That correlation heatmap looks pretty busy, but there are a few key takeaways. We see a number of strong correlations between features here, such as slugging percentage (SLG) with runs (R) and runs batted in (RBI), which makes sense. If you hit the ball well and get on base, you'll score more runs. We see a strong negative correlation between strike outs per 9 innings (K/9) with balls in zone (BIZ) and plays made (Plays). This also makes sense, as a team that strikes opposing batters out will have to field fewer balls hit by opposing batters.

In terms of correlations with win percentage (W%), we see the strongest positive correlation with offensive wins above replacement (WAR_x). This is expected, because if your players are batting farther above a given level (an average replacement player), you will likely have more wins. We see the strongest negative correlation with earned run average (ERA). This is also expected, because if you allow opposing teams to score fewer runs against you, you have a better chance of outscoring them for a win. This information will likely come in handy when we build our models, although they also may present multicollinearity problems.

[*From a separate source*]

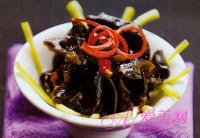 凉拌剁椒黑木耳 原料:黑木耳10朵、剁椒3汤匙、青葱2根、姜1小块、大蒜2瓣、白芝麻随意 调料:白糖1茶匙、...

For more visualization, particularly with other features, please see Notebook 1.

## IV. Data Preparation

As you can see above, our original dataset had many features. To simplify, knowing we would be employing regression models, we used recursive feature elimination (RFE). RFE essentially builds a model with every feature, then weighs each feature's importance. This allows us, through a process of elimination, to more easily narrow down the features that maximize the strength of a linear regression model while minimizing its cost.

After employing RFE to select the 15 most important features (along with keeping a few identifying features), here is an updated correlation heatmap.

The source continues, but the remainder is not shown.